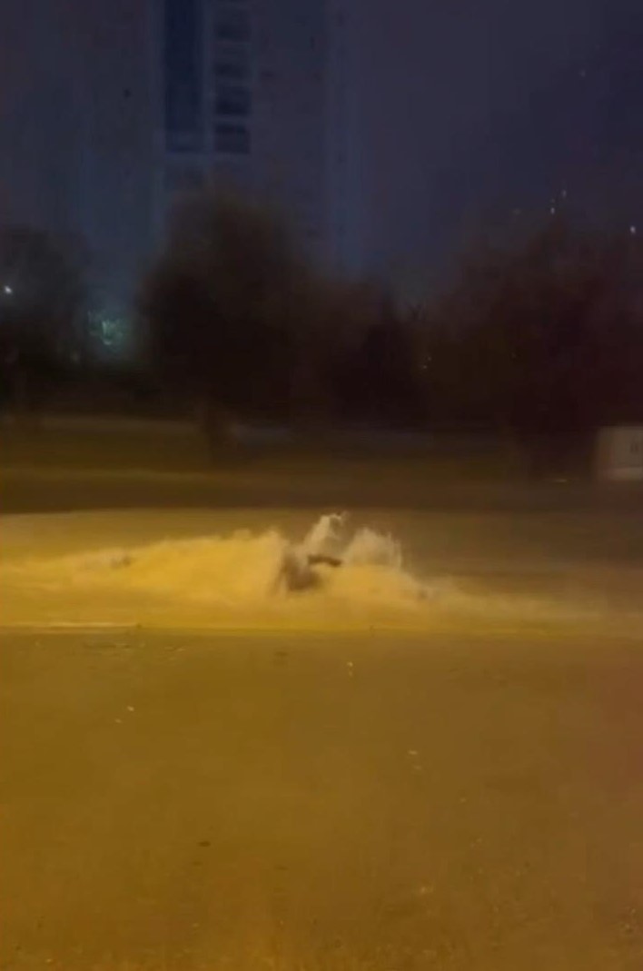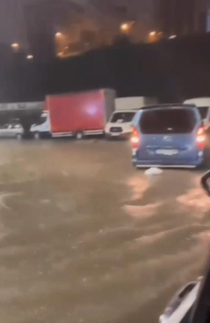 Sağanak yağış nedeniyle Sultangazi Gazi Mahallesi'nde caddeler su altında kaldı; araçlar ilerlemekte zorlandı.
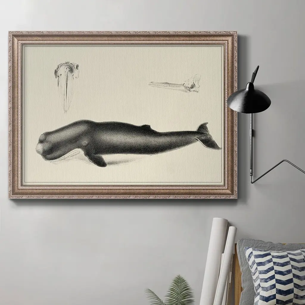 Antique Whale Study II Premium Framed Canvas- Ready to Hang A Premium Framed Canvas created to last. Framed in distressed wood and available in an array of sizes and colors Featuring a beveled a solid wood stretcher bar, each piece comes ready to hand 3 SIZES AVAILABLE 16''X20'' - Overall Size 18'X27'' - Overall Size 24''x36'' - Overall Size Each piece is made to order. Each piece comes with hanging hardware. Made in the USA Ready to Hang Giclee Paper Print Acrylic Glass Beveled Matt Board
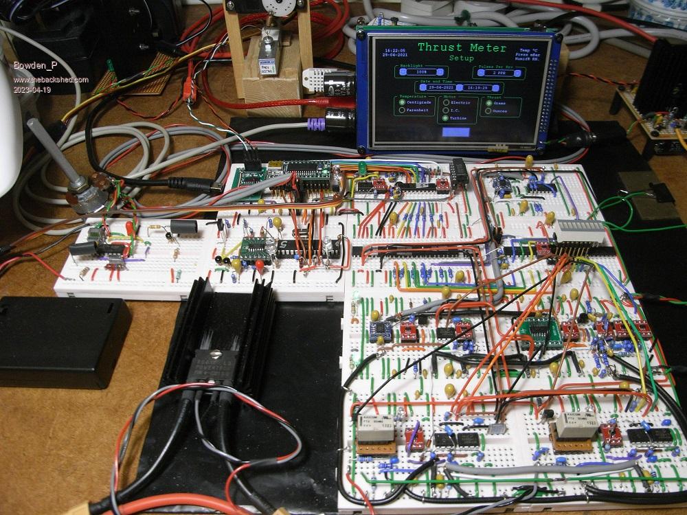 The circuit is controlled by an MM Explore 28, linked to an MM+ Explore 100 backpack, which caused significant noise issues from the TFT screen until isolated.
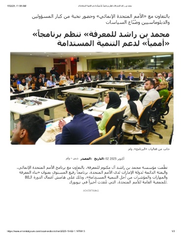 10/2/25, 11:08 AM «ﺔﻣادﺗﺳﻣﻟا ﺔﯾﻣﻧﺗﻟا مﻋدﻟ «ً ﺎﯾﻣﻣأ» ً ﺎﺟﻣﺎﻧرﺑ مظﻧﺗ «ﺔﻓرﻌﻣﻠﻟ دﺷار نﺑ دﻣﺣﻣ

◇ ◇ ◇ ◇

- [WORK REQUEST]: Would you please set down the data above again exactly, without its pictures?

- [OUTPUT OF THE TASK]:
 Sağanak yağış nedeniyle Sultangazi Gazi Mahallesi'nde caddeler su altında kaldı; araçlar ilerlemekte zorlandı.
 Antique Whale Study II Premium Framed Canvas- Ready to Hang A Premium Framed Canvas created to last. Framed in distressed wood and available in an array of sizes and colors Featuring a beveled a solid wood stretcher bar, each piece comes ready to hand 3 SIZES AVAILABLE 16''X20'' - Overall Size 18'X27'' - Overall Size 24''x36'' - Overall Size Each piece is made to order. Each piece comes with hanging hardware. Made in the USA Ready to Hang Giclee Paper Print Acrylic Glass Beveled Matt Board
 The circuit is controlled by an MM Explore 28, linked to an MM+ Explore 100 backpack, which caused significant noise issues from the TFT screen until isolated.
 10/2/25, 11:08 AM «ﺔﻣادﺗﺳﻣﻟا ﺔﯾﻣﻧﺗﻟا مﻋدﻟ «ً ﺎﯾﻣﻣأ» ً ﺎﺟﻣﺎﻧرﺑ مظﻧﺗ «ﺔﻓرﻌﻣﻠﻟ دﺷار نﺑ دﻣﺣﻣ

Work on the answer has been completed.